A crucial notion here is the central carrier of an operator. Given $\def\R{\mathcal R}T\in\R$, its central carrier is the projection $$ C_T=[\R T\def\H{\mathcal{H}} \H]. $$ For any $S\in\R$, it is clear that $S(\R T\H)\subset \R T\H$. This implies that $SC_T=C_TSC_T$. If we do this for selfadjoint $S$ we get that $SC_T=C_TS$, and as the selfadjoints span the whole algebra, this shows that $C_T\in\R'$. If now $S\in\R'$, then $S\R T\H=\R TS\H\subset \R T \H$. By repeating the previous reasoning, $C_T\in\R''=\R$. So $C_T\in\R\cap\R'$.

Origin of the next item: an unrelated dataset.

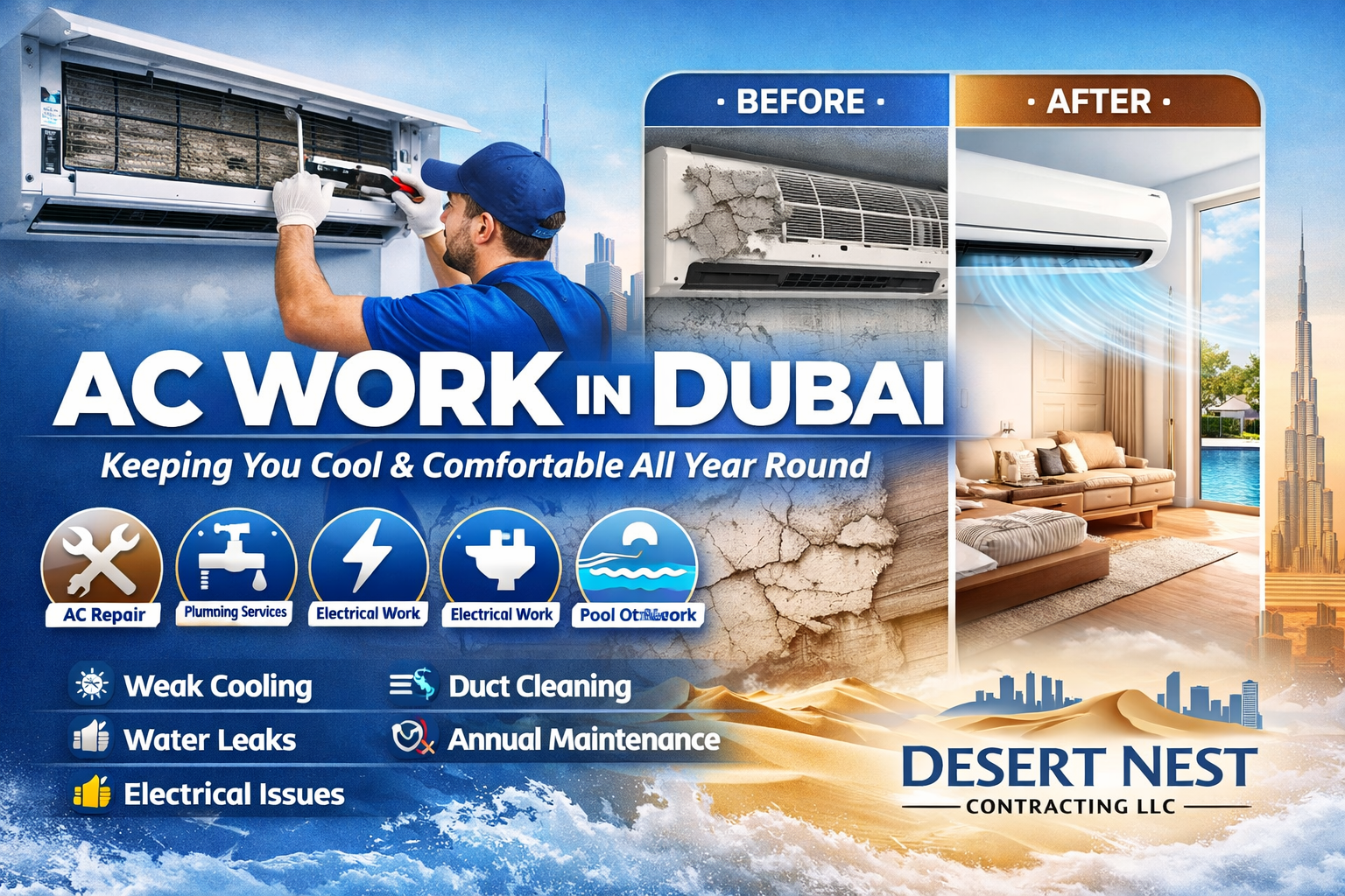 Let’s be honest—living in Dubai afterwards a appropriately activity air conditioner is about impossible. With temperatures aerial aloft 40°C for abundant of the year, your AC isn’t aloof a luxury—it’s a lifeline. Whether you’re a homeowner in Jumeirah, a alcazar citizen in Arabian Ranches, or managing a business in Downtown Dubai, you’ve apparently accomplished the annoyance of anemic cooling, aberrant noises, or skyrocketing DEWA bills. In this blog, we’ll breach bottomward why AC Work is so important, what accepted issues to attending out for, and how Desert Nest Contracting LLC can advice you breach air-conditioned and adequate all year round. Along the way, we’ll additionally appearance you how AC casework affix with added capital offerings like Plumbing Services, Electrical Services, Swimming Pool maintenance, and more.

Proof of Lemma 2.1.10. If $A\in\R$, $B\in\R'$ and $AB=0$, we get $B\R A \H=\R A B\H=0$ and so $BC_A=0$. Since $\R$ is a factor, either $C_A=1$, in which case $B=0$, or $C_A=0$, in which case $A=0$.

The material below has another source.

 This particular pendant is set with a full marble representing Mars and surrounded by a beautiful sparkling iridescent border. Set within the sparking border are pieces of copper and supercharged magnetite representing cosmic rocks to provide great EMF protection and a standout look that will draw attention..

Proof of Theorem 2.1.9. We may assume without loss of generality that $P_1,P_2$ are both nonzero. The proof uses Zorn's Lemma indeed. We consider the family of pairs $\{(p_j),(q_j)\}$ such that each net is pairwise orthogonal, $p_j\leq P_1$, $q_j\leq P_2$, and $p_j\sim q_j$ for all $j$. Then a maximal family will satisfy either $\sum p_j=P_1$ or $\sum q_j=P_2$, or both, giving the three possibilities (the needed partial isometries will be the sum of the corresponding partial isometries at each $j$).
The key to make the above work is to show that if $P,Q\in\R$ are nonzero projections, then there exists a nonzero partial isometry $V$ such that $V^*V\leq Q$ and $VV^*\leq P$. For this, suppose that $PRQ=0$ for all $R\in\R$. Then $PRQ\H=0$, which shows that $PC_Q=0$. AS $\R$ is a factor, if $C_Q=1$ we get $P=0$, a contradiction, and if $C_Q=0$ we get $Q=0$, also a contradiction. It follows that there exists $R\in\R$ such that $PRQ\ne0$. We can write the polar decomposition $PRQ=V|PRQ|$, with $V$ a nonzero partial isometry. Now $V^*V$ is the orthogonal projection onto the range of $(PRQ)^*=QR^*P$, which is itself inside the range of $Q$; thus $V^*V\leq Q$. Similarly, $VV^*$ is the orthogonal projection onto the range of $PQR$, and so $VV^*\leq P$.